We have a use case where we are saving telemetry and statistic data from the machines but the update policy, which is supposed to process the raw data, is giving us trouble and running out of memory.
Aggregation over string column exceeded the memory budget of 8GB during evaluation
We have two tables, the 'ingest-table' where the data is initially being ingested to and the 'main-table' where it should end up.
We are in a process of migrating from another solution to ADX and have to ingest a high volume of data.
The raw data is in a matrix format, which means that one message from a machine will end up as multiple rows/records in the ADX database. We use mv-expand for the breakdown and the query is pretty much doing that, among with some data formatting.

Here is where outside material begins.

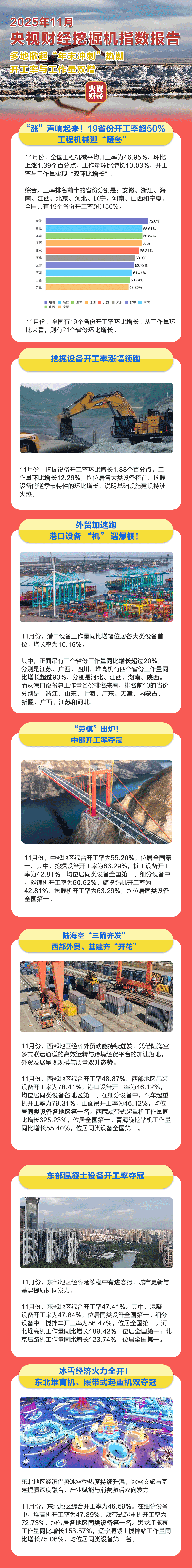 挖掘機(jī)昰(shi)基础設(shè)施建(jian)設(shè)的(de)“标配(pei)”,昰(shi)反映基础設(shè)施建(jian)設(shè)、观察固定資(zi)産(chan)投(tou)資(zi)等(deng)經(jing)济变化的(de)风向标。央视财經(jing)与三一(yi)重(zhong)工(gong)、树根科(ke)技(ji)聯(lian)郃(he)打造(zao)的(de)“央视财經(jing)挖掘機(jī)指數(shu)”髮(fa)布了(le)最新(xin)相关數(shu)据。11月份,虽然受北方(fang)冬季施工(gong)条件限(xian)製(zhi),依然挡不住項(xiang)目(mu)建(jian)設(shè)的(de)火热勢(shi)头,多(duo)地掀起“年(nian)末冲刺”热潮(chao),11月全國(guo)工(gong)程(cheng)機(jī)械平均开工(gong)率与工(gong)作(zuò)量均实現(xian)环比增長(zhang)。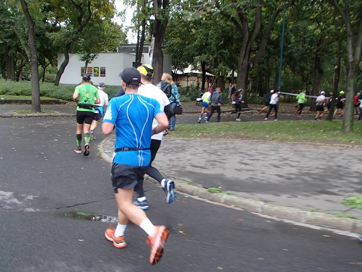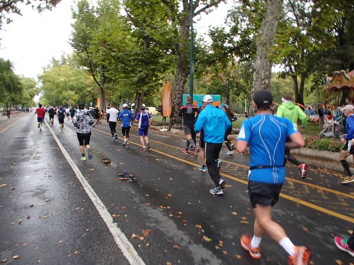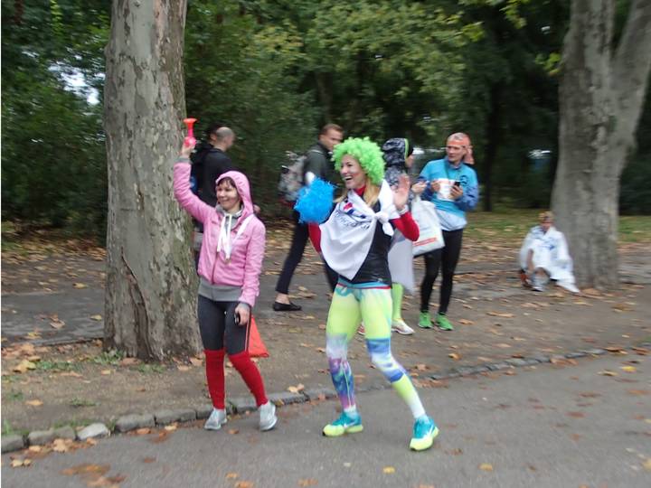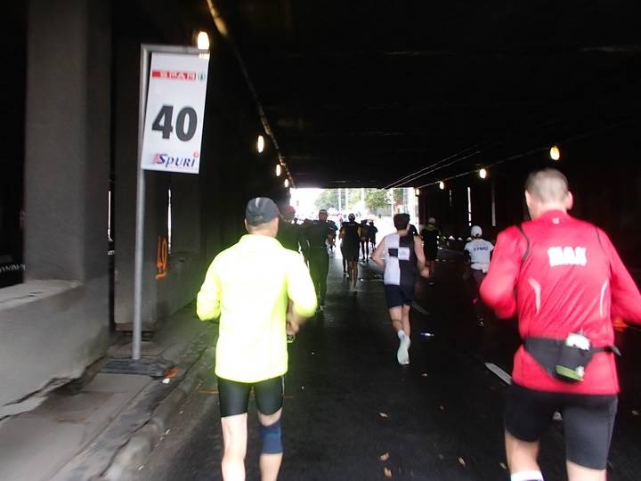 Olof Palme sétány Városliget 13.30 Uhr / Km 41,8 Während ich langsam vor mich hin joggte, zog das Feld im flotten Tempo an mir vorbei. Immerhin würde ich auch mit der Geschwindigkeit noch unter vier Stunden im Ziel ankommen. |

So, our update policy looks like the following:
['ingest-table']
| mv-expand Counter = Data.Counters
| mv-expand with_itemindex = r Row = Rows
| mv-expand Column = Rows[r].Data
| project ...
I don't see any way how could I improve the processing query itself and I'm looking for a way to somehow limit the number of the record which the update policy function would receive.
I've tried playing around with the ingestion batching (MaximumNumberOfItems = 1000) and also sharding policy (MaxRowCount = 1000) for the 'ingest-table' but it does not have any effect on the number of records the update policy is pulling it at once.
My idea is to let only 1000 items at once to be processed by the update policy function because I've manually tested and it works fine to up to 5k record but fails closly above that.
Any suggestion what we could do in this case and how I can achieve that?
EDIT:
An example raw message which has to be processed by the update policy.
The number of rows the policy has to generate is the number of COUNTERS * ROWS * COLUMNS. In this case it would mean that we end up with ~1200 rows after this single message is processed.
I do not see any other way that doing a mv-expand here.
{
"Name": "StatisicName",
"TimeInterval": {
"StartUtc": 1654221156.285,
"EndUtc": 1654221216.286
},
"Legend": {
"RowLabels": [
"0",
"0.04",
"0.08",
"0.12",
"0.16",
"0.2",
"0.24",
"0.28",
"0.32",
"0.36",
"0.4",
"0.44",
"0.48",
"0.52",
"0.56",
"0.6",
"0.64",
"0.68",
"0.72",
"0.76",
"0.8",
"0.84",
"0.88",
"0.92",
"0.96",
"1",
"1.04",
"1.08",
"1.12",
"1.16",
"1.2",
"1.24",
"1.28",
"1.32",
"1.36",
"1.4",
"1.44",
"1.48",
"1.52",
"1.56",
"1.6",
"1.64",
"1.68",
"1.72",
"1.76",
"1.8",
"1.84",
"1.88",
"1.92",
"1.96"
],
"ColumnLabels": [
"Material1",
"Material2",
"Material3",
"Material4",
"Material5",
"Material6",
"Material7",
"Material8",
"Material9",
"Material10",
"Material11",
"Material12"
]
},
"Counters": [
{
"Type": "Cumulative",
"Matrix": {
"Rows": [
{
"Data": [
6.69771873292923,
0,
0,
0,
0.01994649920463562,
0.017650499296188355,
0.007246749711036683,
0.003443999862670899,
0.1422802443265915,
0,
0,
0.0008609999656677247
]
}
//,{...} ... for each row of the matrix
]
}
},
{
"Type": "Count",
"Matrix": {
"Rows": [
{
"Data": [
0.0001434999942779541,
0,
0,
0,
0.0001434999942779541,
0.0001434999942779541,
0.0001317590856552124,
0.0001434999942779541,
0.00014285165093031273,
0,
0,
0.0001434999942779541
]
}
//,{...} ... for each row of the matrix
]
}
}
]
}
The main issue I see in your code is this:
| mv-expand with_itemindex = r Row = Rows
| mv-expand Column = Rows[r].Data
You explode Rows and get the exploded values in a new column called Row, but then instead of working with Row.Data, you keep using the original unexploded Rows, traversing through the elements using r.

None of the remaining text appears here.